The CIA’s Office of General Counsel subsequently asked OLC to prepare an opinion about the legality of its proposed techniques. To enable OLC to review the legality of the techniques, the CIA provided OLC with written and oral descriptions of the proposed techniques. The CIA also provided OLC with information about any medical and psychological effects of DoD’s Survival, Evasion, Resistance and Escape (SERE) School, which is a military training program during which military personnel receive counter-interrogation training.
While the fact that the OLC accepted at face value the CIA's statements regarding the safety or the effects of the interrogation procedures they were proposing is no surprise to anyone who has read the torture memos -- and evidence of the unprofessionalism and bias of the memo's authors -- the degree to which the conspiracy (by CIA or OLC, or both) to withhold evidence of the real effects of the "Enhanced Interrogation Techniques" (EITs) by the CIA has never been made more concrete than now.
To my knowledge, we do not have the specific document wherein the CIA provides the "medical and psychological effects" of SERE school.
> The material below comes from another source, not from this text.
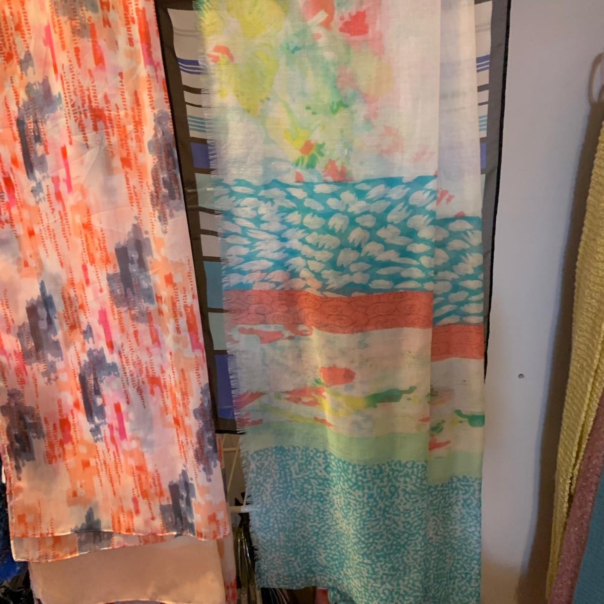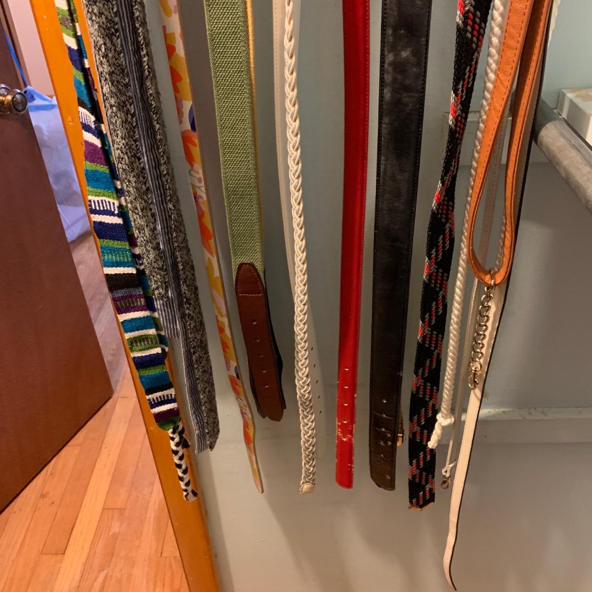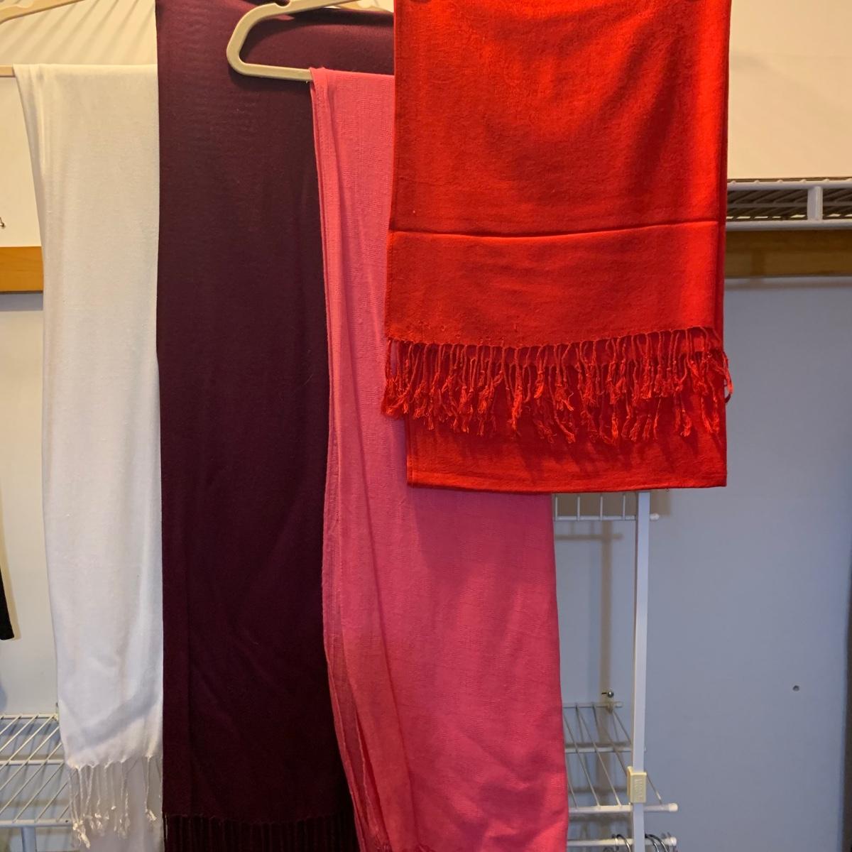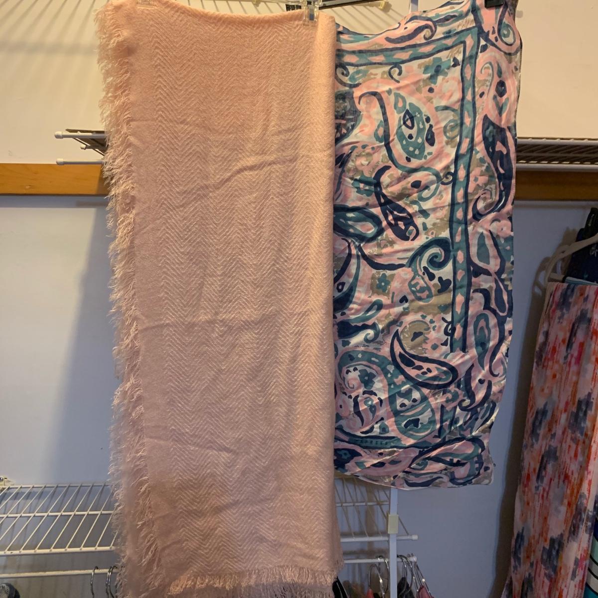 50+ scarves and 15+ belts. The scarves come in just about every color and design you could imagine! There are quite a few large, soft, and warm plaid scarves, as well as silk, rayon and more. Some are velvet, some have sequins. Many are brand new with their original tags still attached. Of the belts, one is Fossil, three are St. John’s Bay, there are two gold belts, and a few fabric belts. Not all belts have sizes listed, but the ones that do are marked M or L. Some of the belts show some wear.

I have been told that this document is still classified. But it seems possible that the CIA did pass on the details of the research that was available to it, including the debilitating effects of SERE techniques, which sent stress hormone levels, according to one research report, "some of the greatest ever documented in humans." Another report cited "neuroendocrine changes... [that] may have significant implications for subsequent responses to stress."